- Exercise objective:
Go to the line that contains "Открытка Merry Christmas" in the listing below, then output it and every line after it exactly, omitting pictures.

(Given information Opens)

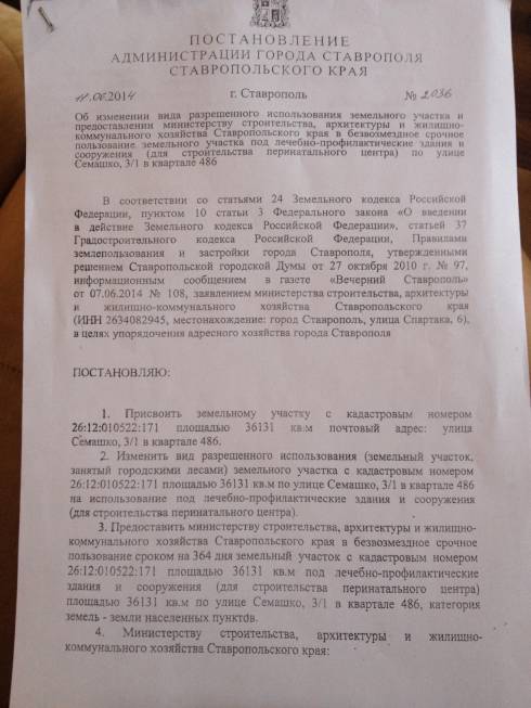 Уважаемая Президент РФ В.В. Путин! Под предлогом освоения Федеральных и краевых денег на строительство (перинатального центра) в Ставрополе незаконно переведен участок лесного фонда "Таманская лесная дача" - это участок городского леса №16, кадастровый номер 26:12:010522:171 якобы согласованный под строительство (перинатального центра) Подготовка к строительству (перинатального центра) в Ставрополе, как утверждает Правительство СК ведется по адресу ул.Семашко 3, ответ от 5 сентября 2014г № A26-11-864112491 в адрес Администрации Президента РФ (по моему обращению с проверкой). А фактически ведутся работы по подготовке к строительству в Таманском лесу. Посадку здания решено провести частично в городском лесу "Таманская лесная дача" участок леса №16., для этого главой Администрации города Ставрополя был незаконно переведен участок лесного фонда, городского лес: площадью 36131 кв.м, кадастровый номер 26:12:010522:171 под строительство (перинатального центра) Постановление от 11.06.2014 № 2036, что нарушило Лесной Кодекс РФ, Конституцию РФ, Земельный кодекс РФ, Градостроительный кодекс РФ. и. т.д. Зеленая комиссия от 14.07.2014 приняла решение о сносе зеленых насаждений под пятном застройки по адресу ул.Семашко 3/1. на ново присвоенном адресе на основании вышеуказанного постановления - а это участок городского леса №16 "Таманская лесная дача". Правительство РФ не знает что происходит реально в крае и городе! Помогите сохранить уникальный лес "Таманская лесная дача" уч. №16. Юлия
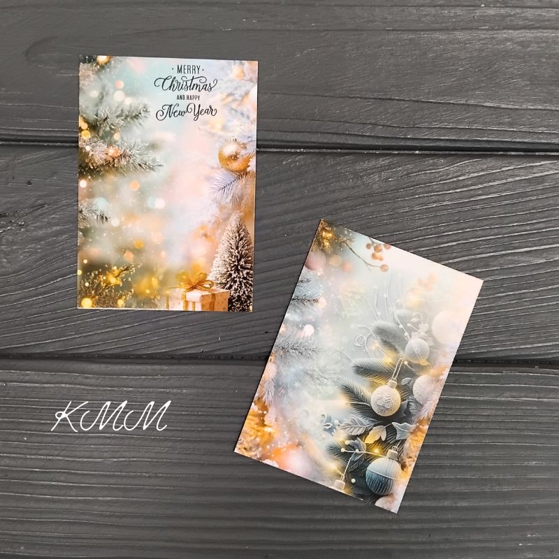 Открытка Merry Christmas and Happy New Year (нежные цвета)100х70мм - 1шт
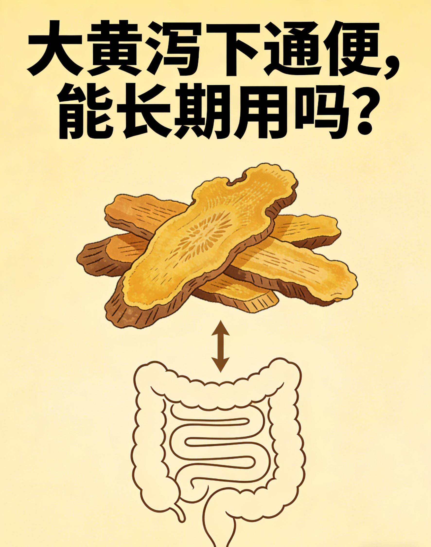 因此,大黄仅可短期(不超过1周)对症使用,不可作为日常通便药。慢性便秘应从调整生活方式入手,多喝水、多吃膳食纤维、规律运动。必要时在医生指导下使用温和通便药。大黄是把双刃剑,用对是药,用错是毒。

(Given information Closes)

- Solution below:
 Открытка Merry Christmas and Happy New Year (нежные цвета)100х70мм - 1шт
 因此,大黄仅可短期(不超过1周)对症使用,不可作为日常通便药。慢性便秘应从调整生活方式入手,多喝水、多吃膳食纤维、规律运动。必要时在医生指导下使用温和通便药。大黄是把双刃剑,用对是药,用错是毒。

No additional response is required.